*** Opening Collected data ***
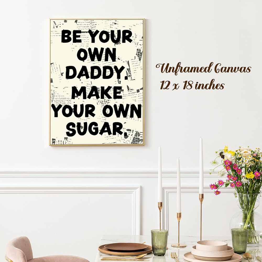 تأكيدات إيجابية الرجعية ديكور الحائط لغرفة النوم | ملصق تحفيزي Preppy للحائط | لوحة فنية جدارية من القماش تحمل اسم Be Your Own Daddy | 12 × 18 بوصة، غير مؤطرة
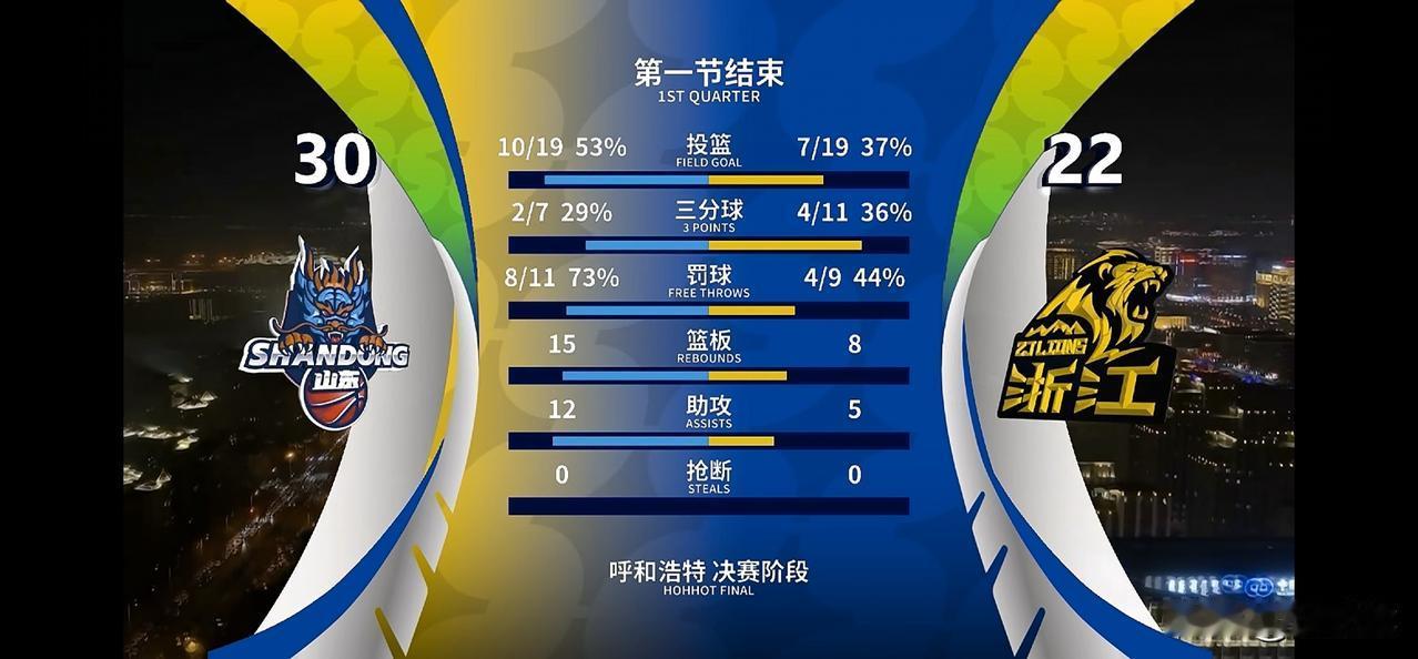 山东队已将奖杯收入囊中? CBA俱乐部杯季军争夺毫无悬念,本场比赛,残阵浙江广厦仅能派8人出战,面对仅缺少高诗岩的山东队,几乎无取胜的可能。如果对抗激烈,浙江广厦甚至有第四节派不出5人上场的危险。 首节比赛,山东被全面压制浙江广厦,投篮命中率53%:37%,篮板球15:8,比分30:22。
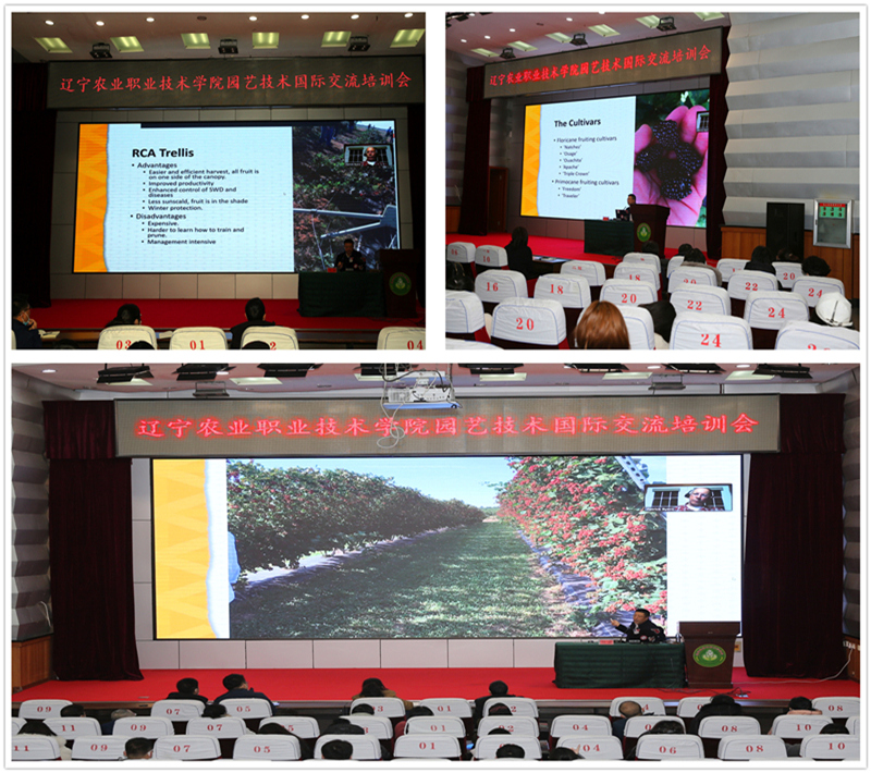 帕特里克.拜尔斯教授从事园艺行业40余年,在国内外30多个学术组织任职,目前负责密苏里州西南部17个县的商业和家庭园艺项目,是园艺产业行业中的资深学者。会上,拜尔斯教授向与会师生介绍了黑莓生产的创新成果——“旋转横臂架”——该型支架可改变黑莓种植方向,提高收获效率,减少树体和花芽受害;提出最适合旋转横臂架果园生产地选择,无刺黑莓品种选择、种植和支架安装使用及管理步骤;论述了旋转横臂架无刺黑莓品种的表现。报告中,他还与参会教师围绕设备购置、果实采收等问题进行了交流研讨。
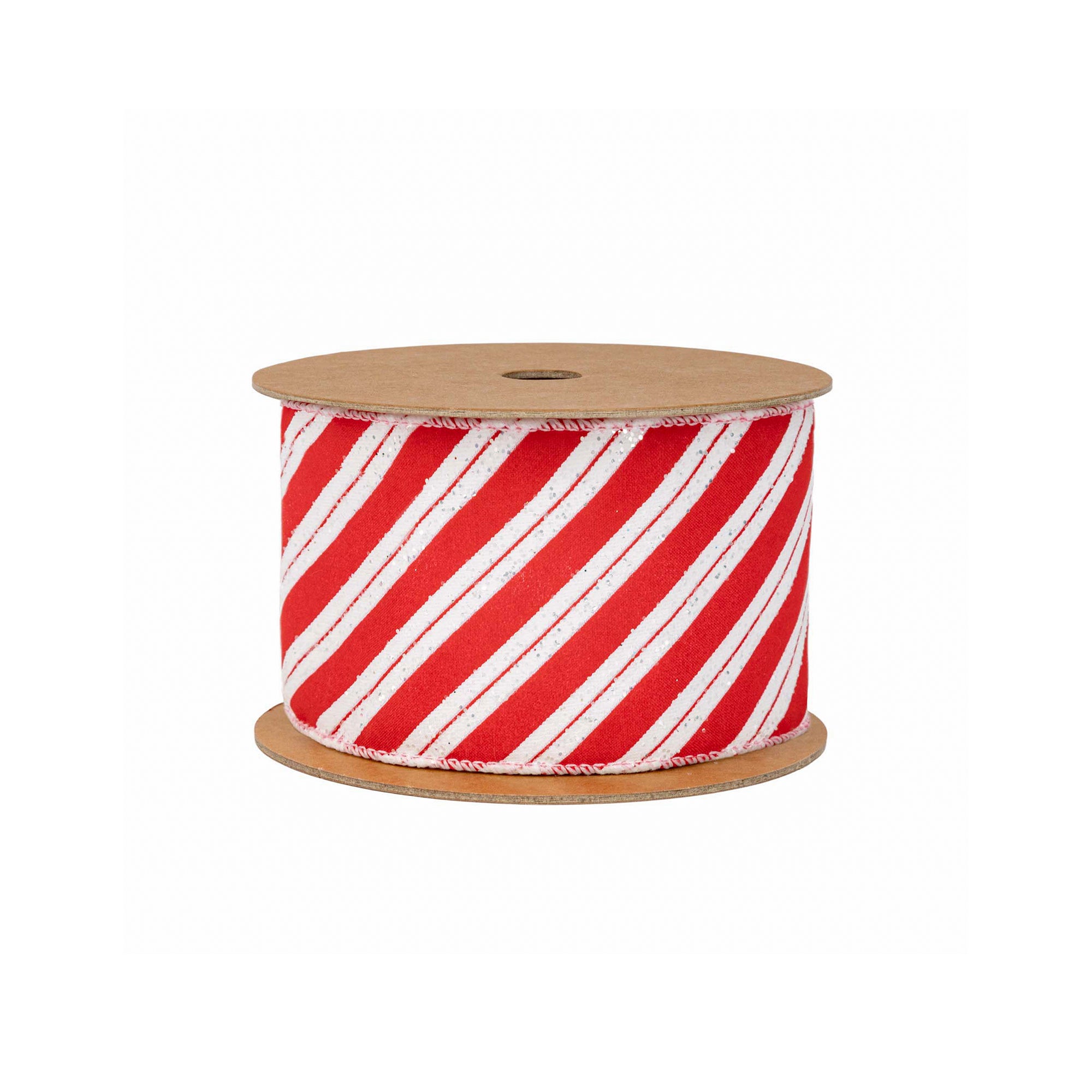2 1/2" Wired Ribbon | Red/White Stripe | 10 Yard Roll
*** Closing Collected data ***
Your task is to repeat the listing exactly while omitting its pictures.

● Solution for this task
 تأكيدات إيجابية الرجعية ديكور الحائط لغرفة النوم | ملصق تحفيزي Preppy للحائط | لوحة فنية جدارية من القماش تحمل اسم Be Your Own Daddy | 12 × 18 بوصة، غير مؤطرة
 山东队已将奖杯收入囊中? CBA俱乐部杯季军争夺毫无悬念,本场比赛,残阵浙江广厦仅能派8人出战,面对仅缺少高诗岩的山东队,几乎无取胜的可能。如果对抗激烈,浙江广厦甚至有第四节派不出5人上场的危险。 首节比赛,山东被全面压制浙江广厦,投篮命中率53%:37%,篮板球15:8,比分30:22。
 帕特里克.拜尔斯教授从事园艺行业40余年,在国内外30多个学术组织任职,目前负责密苏里州西南部17个县的商业和家庭园艺项目,是园艺产业行业中的资深学者。会上,拜尔斯教授向与会师生介绍了黑莓生产的创新成果——“旋转横臂架”——该型支架可改变黑莓种植方向,提高收获效率,减少树体和花芽受害;提出最适合旋转横臂架果园生产地选择,无刺黑莓品种选择、种植和支架安装使用及管理步骤;论述了旋转横臂架无刺黑莓品种的表现。报告中,他还与参会教师围绕设备购置、果实采收等问题进行了交流研讨。
2 1/2" Wired Ribbon | Red/White Stripe | 10 Yard Roll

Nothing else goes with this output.